# [TASK TO CARRY OUT]
Once you find the line containing "- 1x Adaptador" in the data below, copy it and each following line exactly, up to and including the line containing "leather boots Highlights", and nothing else.

# [LISTED RECORDS]
==*==
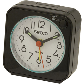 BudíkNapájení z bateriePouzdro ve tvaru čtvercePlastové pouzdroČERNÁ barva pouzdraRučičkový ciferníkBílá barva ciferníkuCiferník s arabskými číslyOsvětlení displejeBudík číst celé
==*==
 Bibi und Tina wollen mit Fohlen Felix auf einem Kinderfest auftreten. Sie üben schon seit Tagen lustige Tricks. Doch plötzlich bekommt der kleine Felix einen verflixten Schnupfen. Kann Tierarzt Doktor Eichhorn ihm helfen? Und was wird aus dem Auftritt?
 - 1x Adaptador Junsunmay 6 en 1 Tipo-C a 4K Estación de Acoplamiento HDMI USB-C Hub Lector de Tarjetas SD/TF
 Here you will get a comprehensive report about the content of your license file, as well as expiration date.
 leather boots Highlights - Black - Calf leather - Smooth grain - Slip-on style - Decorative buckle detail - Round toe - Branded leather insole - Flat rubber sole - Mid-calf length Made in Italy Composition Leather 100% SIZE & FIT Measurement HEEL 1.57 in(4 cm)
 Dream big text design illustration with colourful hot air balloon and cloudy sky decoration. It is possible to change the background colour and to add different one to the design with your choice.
==*==
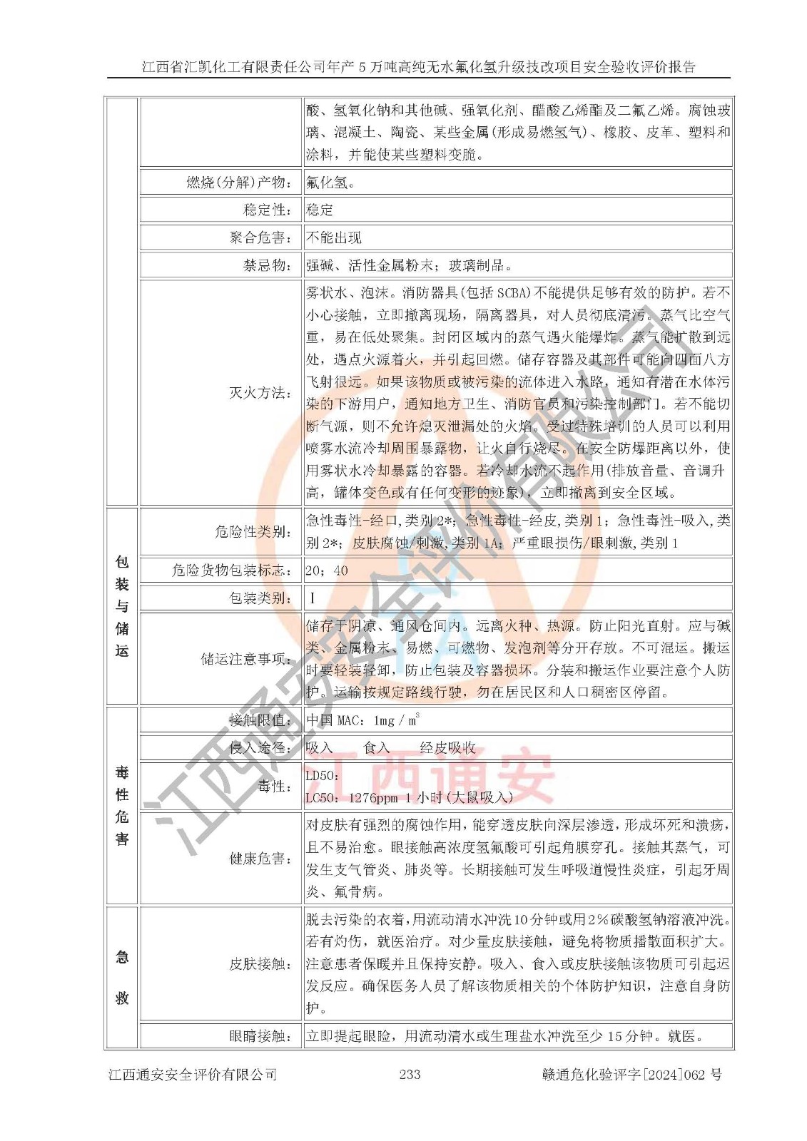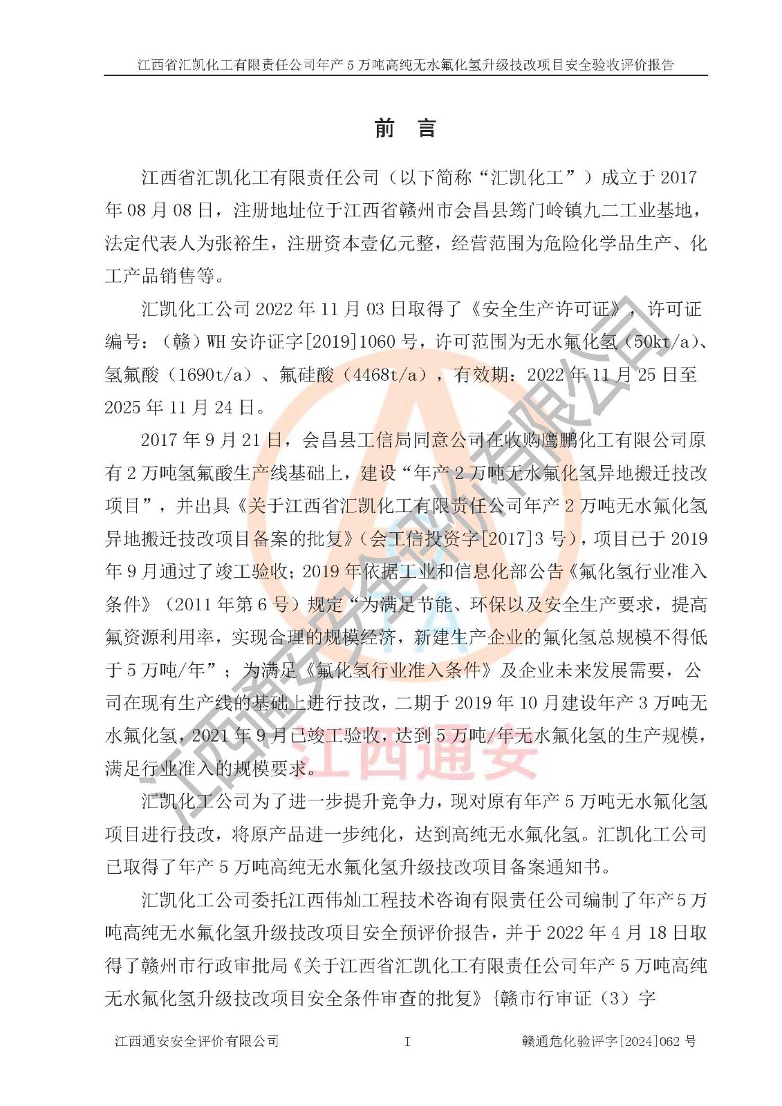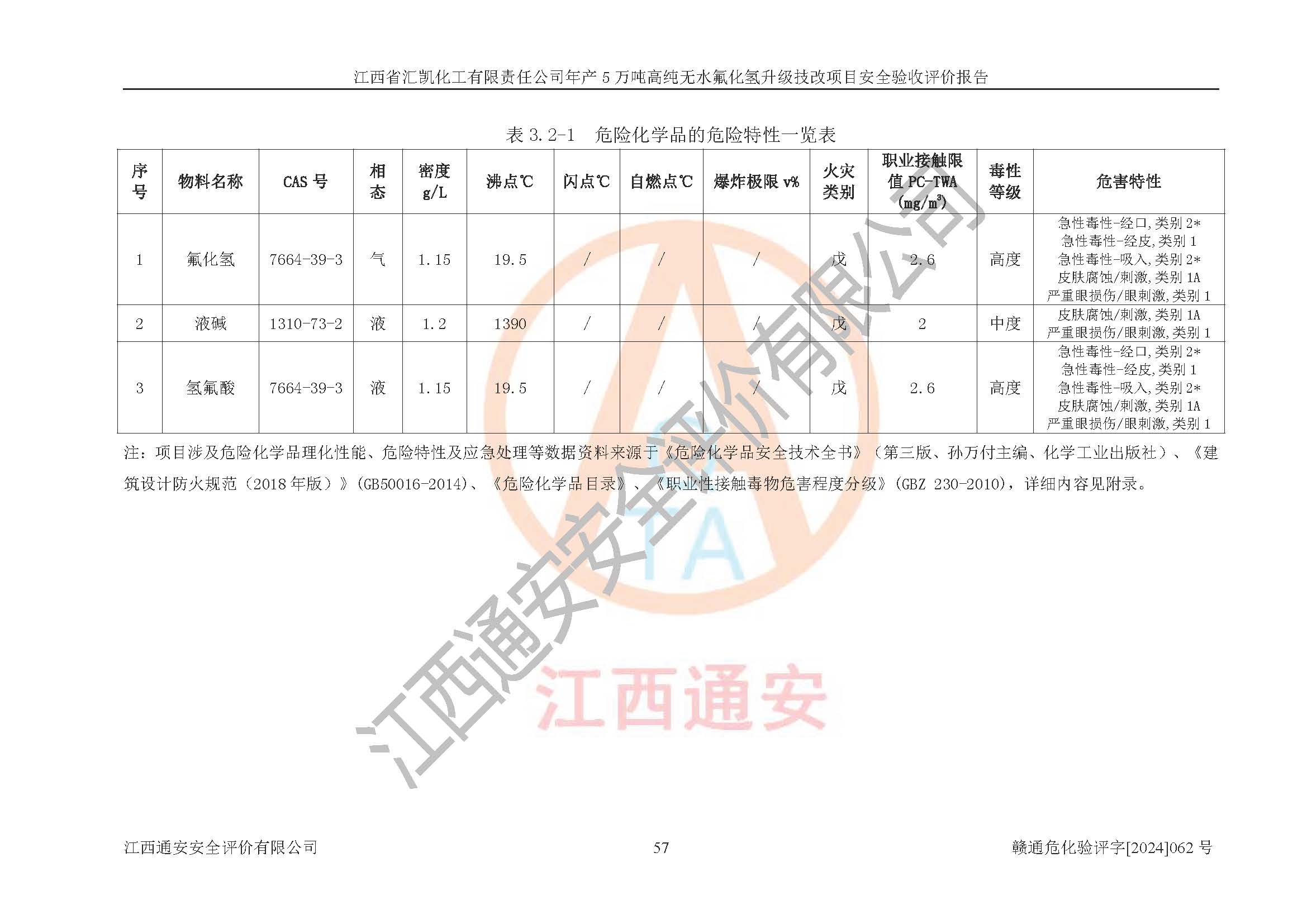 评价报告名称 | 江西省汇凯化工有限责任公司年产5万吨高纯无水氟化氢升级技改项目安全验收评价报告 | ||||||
==*==
# [FINAL ANSWER]
 - 1x Adaptador Junsunmay 6 en 1 Tipo-C a 4K Estación de Acoplamiento HDMI USB-C Hub Lector de Tarjetas SD/TF
 Here you will get a comprehensive report about the content of your license file, as well as expiration date.
 leather boots Highlights - Black - Calf leather - Smooth grain - Slip-on style - Decorative buckle detail - Round toe - Branded leather insole - Flat rubber sole - Mid-calf length Made in Italy Composition Leather 100% SIZE & FIT Measurement HEEL 1.57 in(4 cm)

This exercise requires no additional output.